**DATA SECTION**
*** Begin section ***
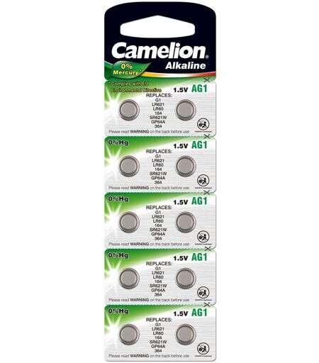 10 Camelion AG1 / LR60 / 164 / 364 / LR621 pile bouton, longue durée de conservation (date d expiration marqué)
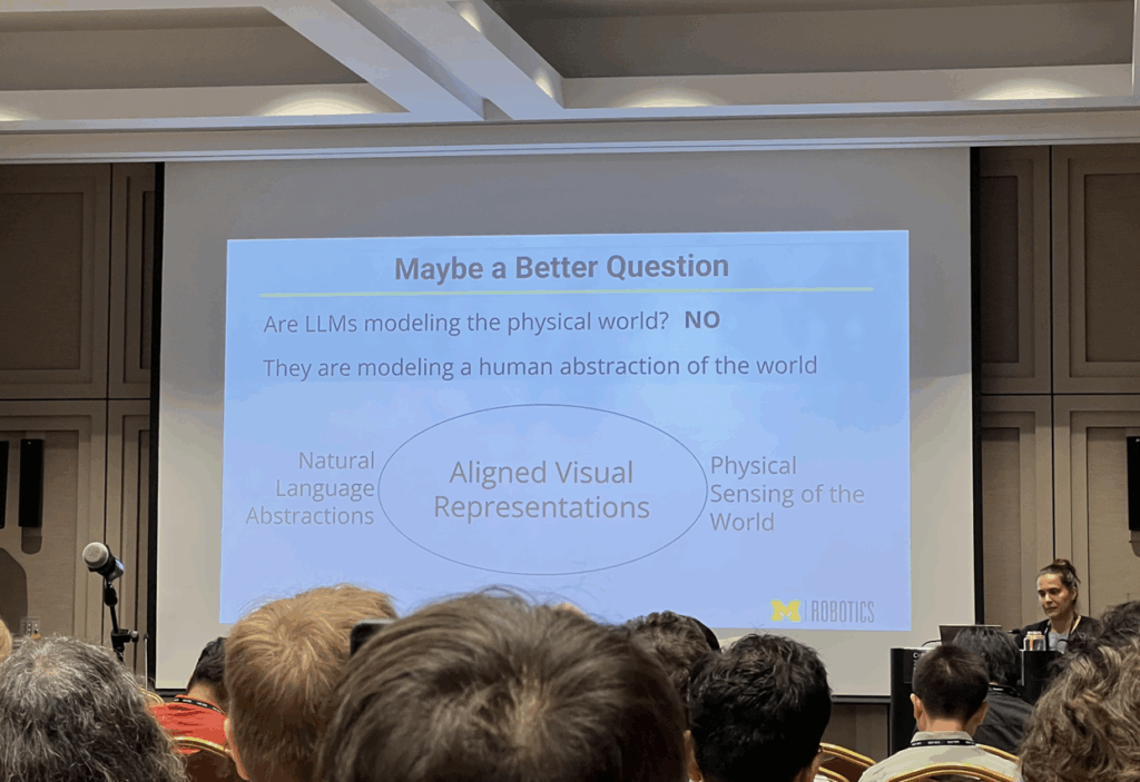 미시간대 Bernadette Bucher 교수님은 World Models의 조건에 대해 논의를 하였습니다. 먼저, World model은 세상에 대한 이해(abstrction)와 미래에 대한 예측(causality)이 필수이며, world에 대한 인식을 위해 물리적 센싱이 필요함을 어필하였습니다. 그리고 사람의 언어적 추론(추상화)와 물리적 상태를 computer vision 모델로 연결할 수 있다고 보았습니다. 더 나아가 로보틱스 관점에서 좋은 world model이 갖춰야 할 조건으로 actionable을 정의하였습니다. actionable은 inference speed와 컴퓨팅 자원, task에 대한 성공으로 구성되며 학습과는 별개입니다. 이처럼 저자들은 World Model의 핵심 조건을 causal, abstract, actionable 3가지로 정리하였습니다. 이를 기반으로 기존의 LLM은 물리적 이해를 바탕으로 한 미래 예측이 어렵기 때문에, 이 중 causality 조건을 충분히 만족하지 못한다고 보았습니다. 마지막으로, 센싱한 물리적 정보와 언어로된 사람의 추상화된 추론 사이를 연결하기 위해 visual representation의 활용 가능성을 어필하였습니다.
*** End section ***
*** Begin section ***
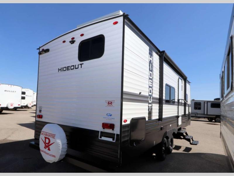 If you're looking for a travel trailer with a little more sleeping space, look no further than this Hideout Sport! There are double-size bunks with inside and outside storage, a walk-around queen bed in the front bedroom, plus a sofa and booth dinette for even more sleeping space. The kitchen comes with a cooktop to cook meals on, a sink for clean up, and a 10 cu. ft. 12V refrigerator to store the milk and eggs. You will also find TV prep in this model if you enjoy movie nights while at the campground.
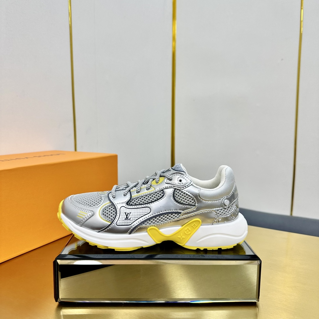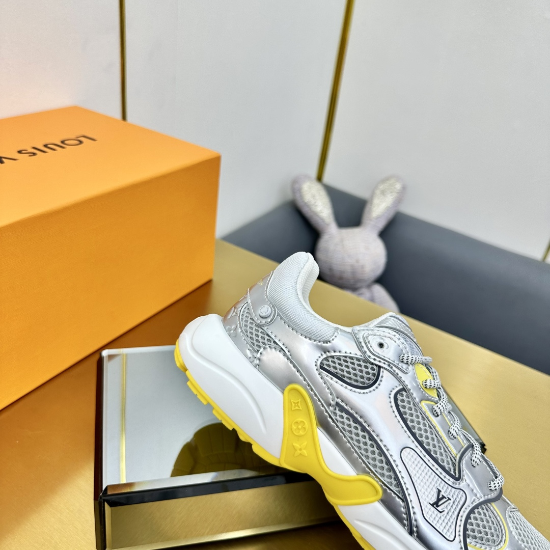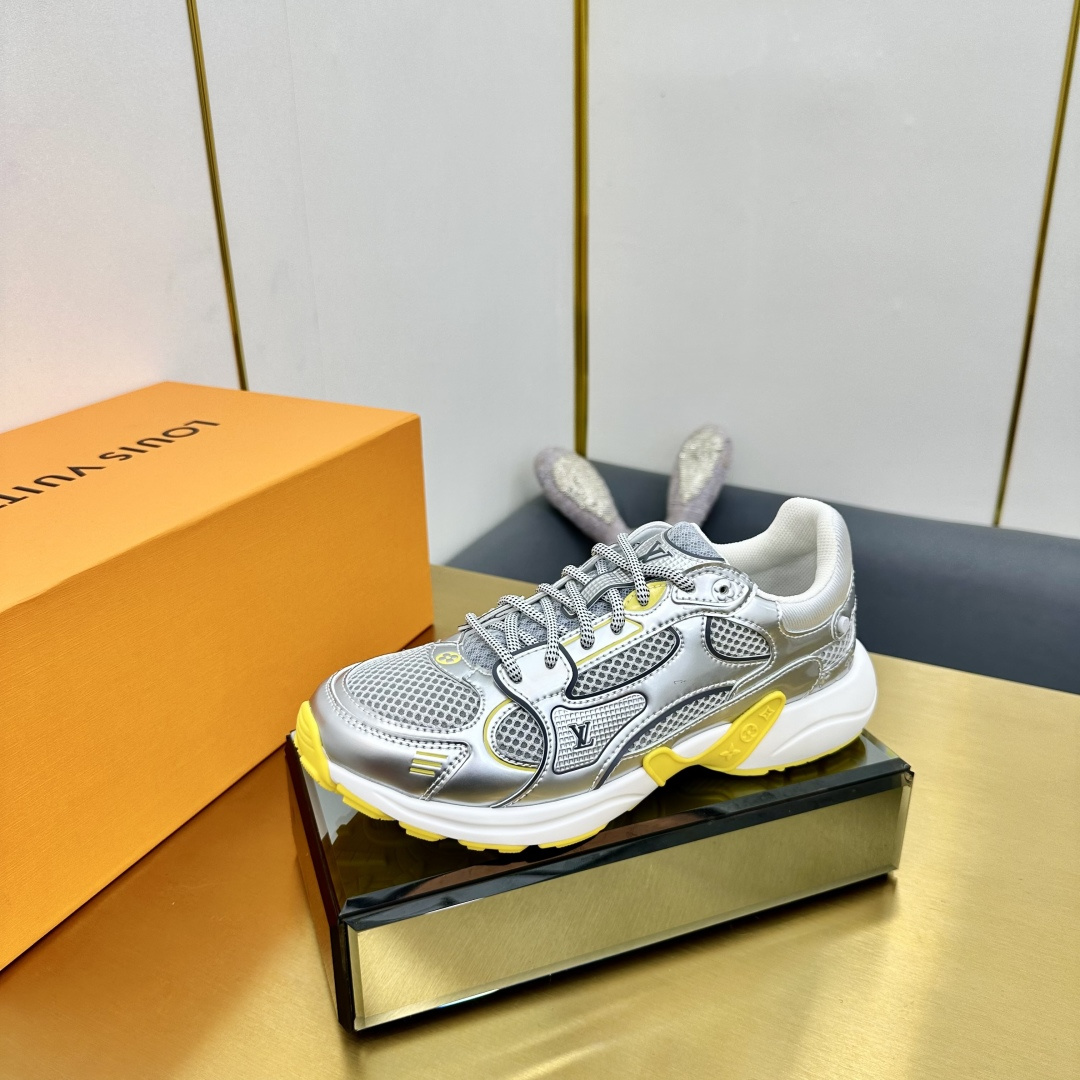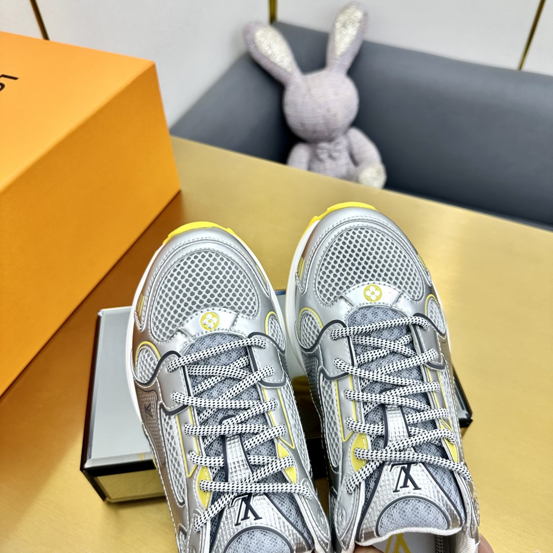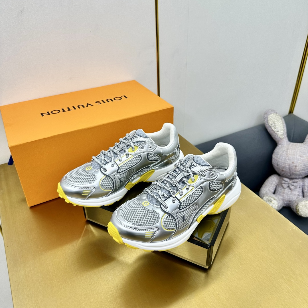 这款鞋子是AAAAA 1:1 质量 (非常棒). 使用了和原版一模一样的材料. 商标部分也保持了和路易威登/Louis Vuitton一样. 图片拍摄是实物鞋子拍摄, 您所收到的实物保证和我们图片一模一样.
*** End section ***
**WORK INSTRUCTION**
Using the entries above, repeat exactly the lines from the one with "10 Camelion AG1" to the one with "미시간대 Bernadette Bucher", both included, and leave the pictures behind.

**ANSWER BOX**
 10 Camelion AG1 / LR60 / 164 / 364 / LR621 pile bouton, longue durée de conservation (date d expiration marqué)
 미시간대 Bernadette Bucher 교수님은 World Models의 조건에 대해 논의를 하였습니다. 먼저, World model은 세상에 대한 이해(abstrction)와 미래에 대한 예측(causality)이 필수이며, world에 대한 인식을 위해 물리적 센싱이 필요함을 어필하였습니다. 그리고 사람의 언어적 추론(추상화)와 물리적 상태를 computer vision 모델로 연결할 수 있다고 보았습니다. 더 나아가 로보틱스 관점에서 좋은 world model이 갖춰야 할 조건으로 actionable을 정의하였습니다. actionable은 inference speed와 컴퓨팅 자원, task에 대한 성공으로 구성되며 학습과는 별개입니다. 이처럼 저자들은 World Model의 핵심 조건을 causal, abstract, actionable 3가지로 정리하였습니다. 이를 기반으로 기존의 LLM은 물리적 이해를 바탕으로 한 미래 예측이 어렵기 때문에, 이 중 causality 조건을 충분히 만족하지 못한다고 보았습니다. 마지막으로, 센싱한 물리적 정보와 언어로된 사람의 추상화된 추론 사이를 연결하기 위해 visual representation의 활용 가능성을 어필하였습니다.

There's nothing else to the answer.